*What you will do*. The material below should be copied line for line, please, with pictures omitted.

*Information provided*.
================================
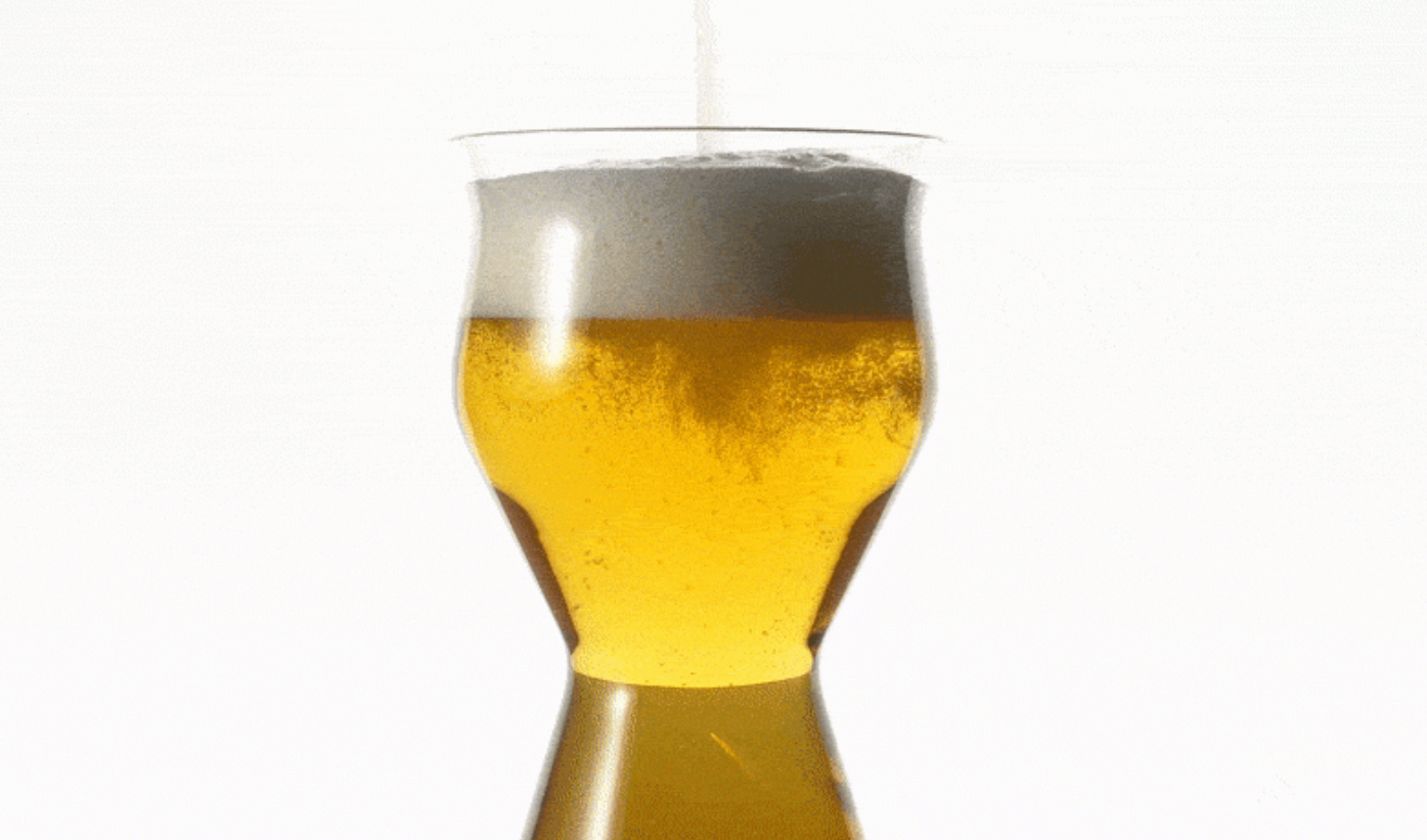 チューリップ型のくびれ構造によってビールを注ぐだけで、泡とビールのバランスが理想的な7:3に。
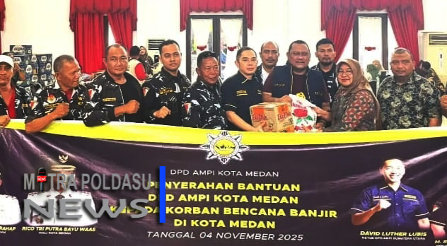 Medan (Mitra Poldasu News) Dewan Pimpinan Daerah (DPD) Angkatan Muda Pembaharuan Indonesia (AMPI) Kota Medan menyalurkan bantuan kepada para korban terdampak banjir pada Kamis (4/12/2025).
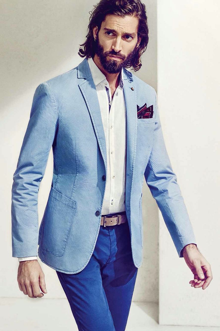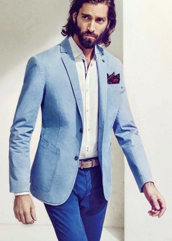 - Açık mavi. İyimser topluluklar için uygun, kalabalığın arasından sıyrılmayı seven erkekler. Bu tonu birleştirmek kolay değil, en uygun düetler beyaz, gri, siyahtır.
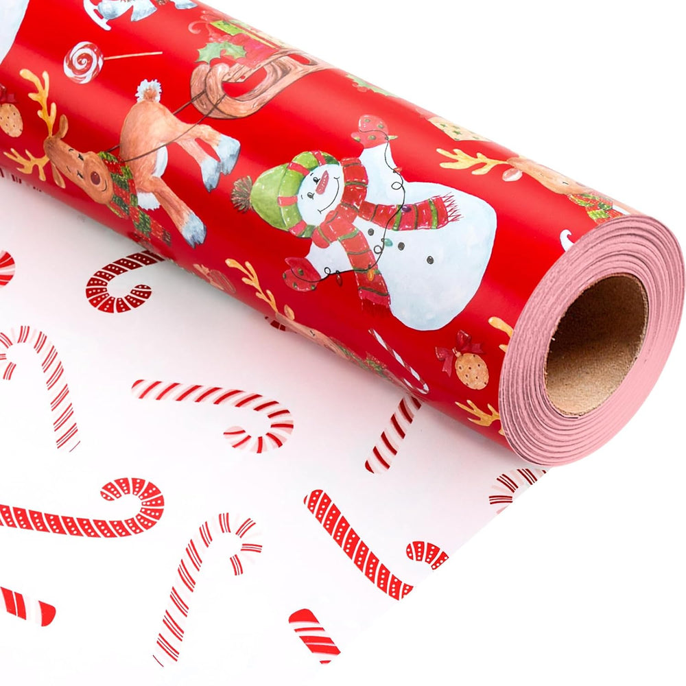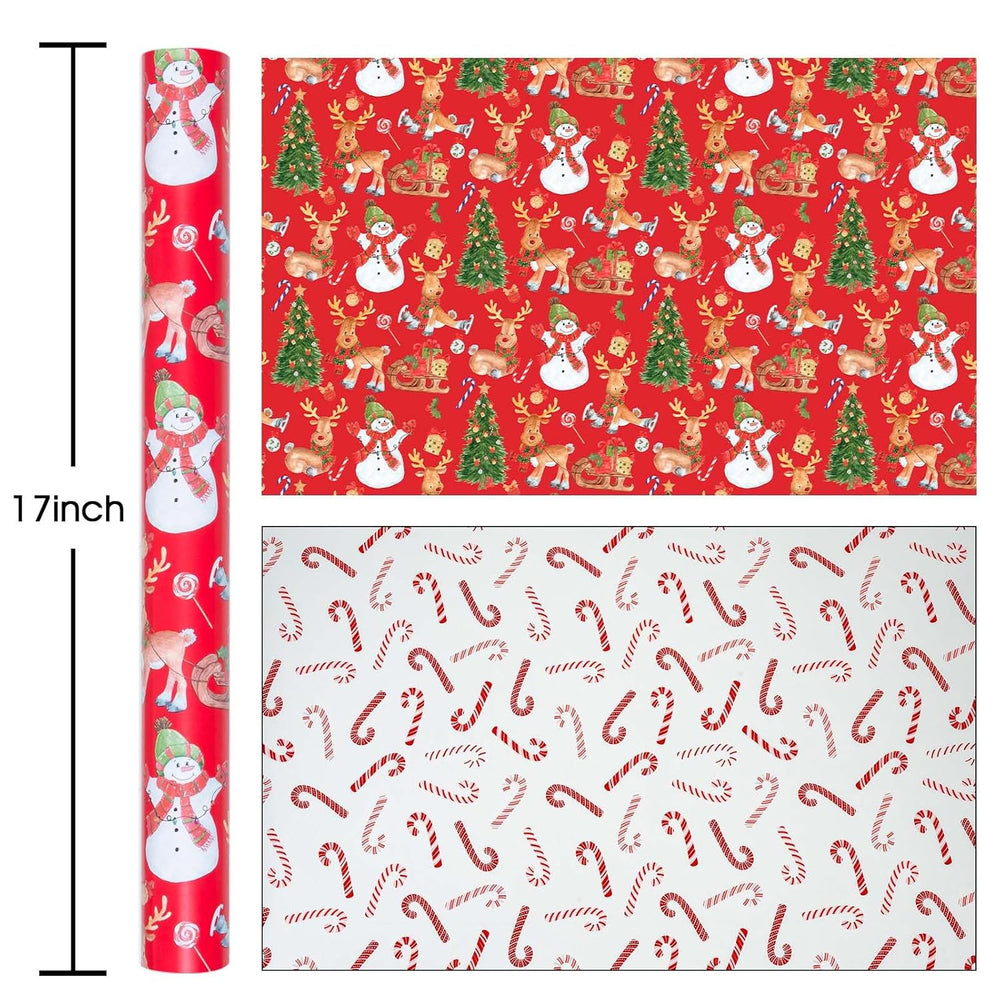 | Suitable Size: Each Wrapping Paper Roll Measures 17 Inches Wide And 33 Feet Long. Its Compact Size Makes It Easy To Store And Ideal For Wrapping Small To Medium-Sized Gifts. Please Confirm The Gift Size Before Ordering Elegant Design: This Wrapping Paper Has A Red Background, Printed With Christmas Elements Like Reindeer, Snowmen, Candy Cane And Christmas Trees, Full Of Festive Atmosphere, Perfect For Gift Wrapping High-Quality Materials: This Wrapping Paper Features High-Quality Paper With Appropriate Thickness, Resistant To Tearing, Print Is Clear, Suitable For Packaging Gift Boxes Of Various Shapes. Whether Folding Or Cutting, It Can Be Easily Accomplished Reversible Design: This Wrapping Paper Features A Double-Sided Design, Which Can Make Your Gifts Colorful. One Piece Of Wrapping Paper Allows You To Have Two Different Styles, Adding Radiance And Beauty To Your Gifts Occasion: While Perfect For Christmas, This Luxury Seasonal Gift Wrap Paper Is Also Great For Birthdays, Anniversaries, And Other Winter Celebrations. Its Elegant Design Makes It Suitable For All Occasions From Kids And Grown-Ups
================================
*Expected answer*.
 チューリップ型のくびれ構造によってビールを注ぐだけで、泡とビールのバランスが理想的な7:3に。
 Medan (Mitra Poldasu News) Dewan Pimpinan Daerah (DPD) Angkatan Muda Pembaharuan Indonesia (AMPI) Kota Medan menyalurkan bantuan kepada para korban terdampak banjir pada Kamis (4/12/2025).
 - Açık mavi. İyimser topluluklar için uygun, kalabalığın arasından sıyrılmayı seven erkekler. Bu tonu birleştirmek kolay değil, en uygun düetler beyaz, gri, siyahtır.
 | Suitable Size: Each Wrapping Paper Roll Measures 17 Inches Wide And 33 Feet Long. Its Compact Size Makes It Easy To Store And Ideal For Wrapping Small To Medium-Sized Gifts. Please Confirm The Gift Size Before Ordering Elegant Design: This Wrapping Paper Has A Red Background, Printed With Christmas Elements Like Reindeer, Snowmen, Candy Cane And Christmas Trees, Full Of Festive Atmosphere, Perfect For Gift Wrapping High-Quality Materials: This Wrapping Paper Features High-Quality Paper With Appropriate Thickness, Resistant To Tearing, Print Is Clear, Suitable For Packaging Gift Boxes Of Various Shapes. Whether Folding Or Cutting, It Can Be Easily Accomplished Reversible Design: This Wrapping Paper Features A Double-Sided Design, Which Can Make Your Gifts Colorful. One Piece Of Wrapping Paper Allows You To Have Two Different Styles, Adding Radiance And Beauty To Your Gifts Occasion: While Perfect For Christmas, This Luxury Seasonal Gift Wrap Paper Is Also Great For Birthdays, Anniversaries, And Other Winter Celebrations. Its Elegant Design Makes It Suitable For All Occasions From Kids And Grown-Ups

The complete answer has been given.